**Your instructions:** Would you transcribe the listing that follows word for word, skipping pictures?

**Given data:**
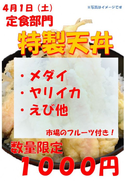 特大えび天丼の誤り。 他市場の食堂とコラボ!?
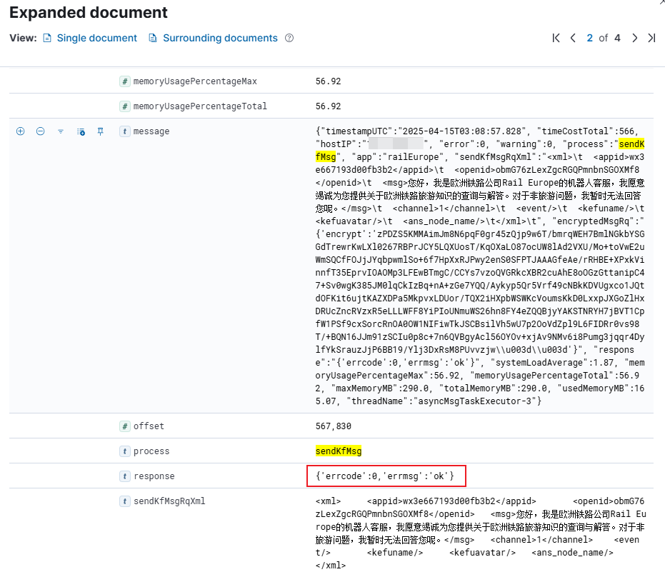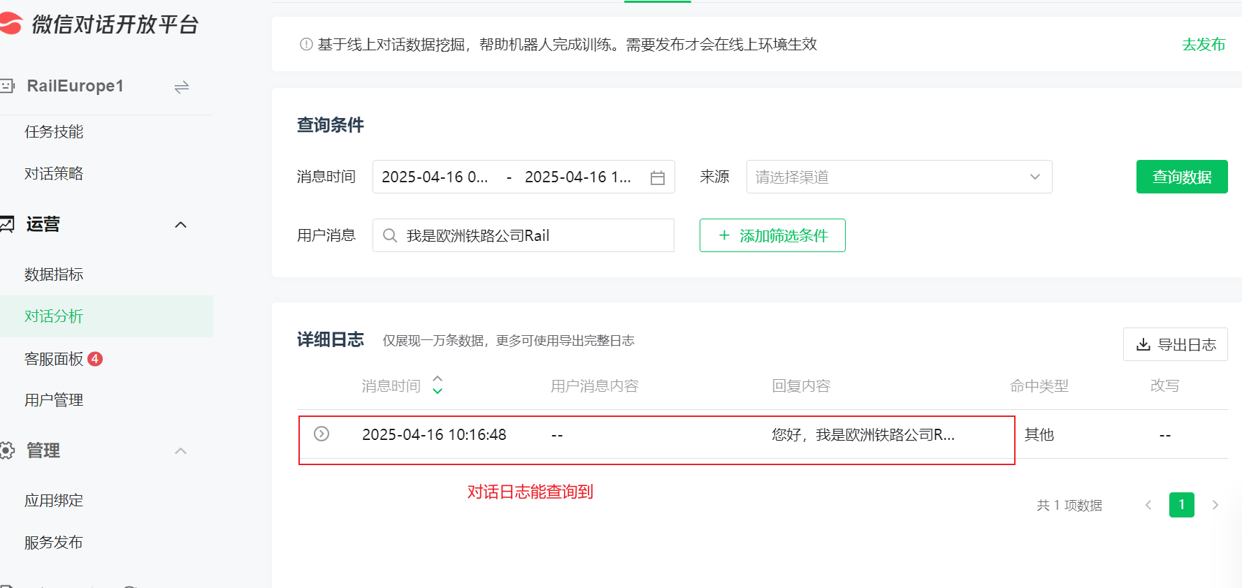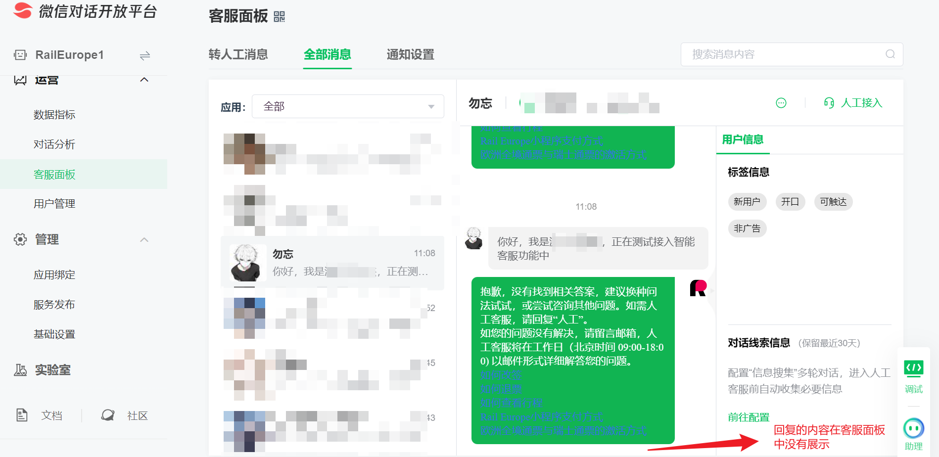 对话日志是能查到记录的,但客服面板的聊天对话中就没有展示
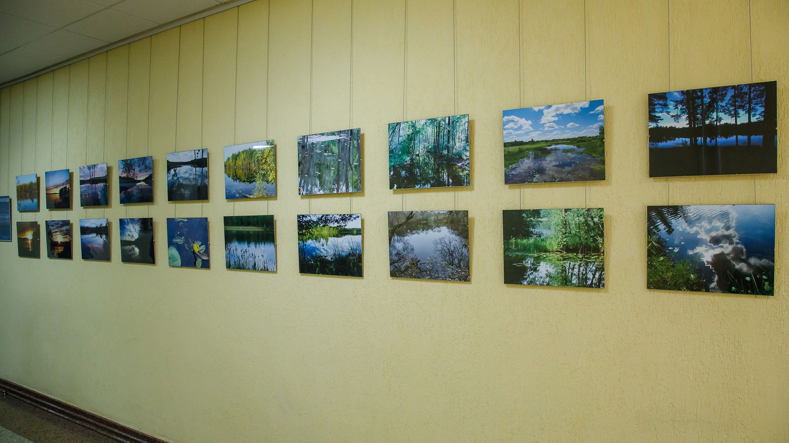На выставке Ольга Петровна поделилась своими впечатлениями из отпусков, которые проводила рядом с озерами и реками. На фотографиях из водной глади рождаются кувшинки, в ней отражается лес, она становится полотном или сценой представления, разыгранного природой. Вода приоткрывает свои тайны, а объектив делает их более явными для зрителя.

**Your solution:**
 特大えび天丼の誤り。 他市場の食堂とコラボ!?
 对话日志是能查到记录的,但客服面板的聊天对话中就没有展示
На выставке Ольга Петровна поделилась своими впечатлениями из отпусков, которые проводила рядом с озерами и реками. На фотографиях из водной глади рождаются кувшинки, в ней отражается лес, она становится полотном или сценой представления, разыгранного природой. Вода приоткрывает свои тайны, а объектив делает их более явными для зрителя.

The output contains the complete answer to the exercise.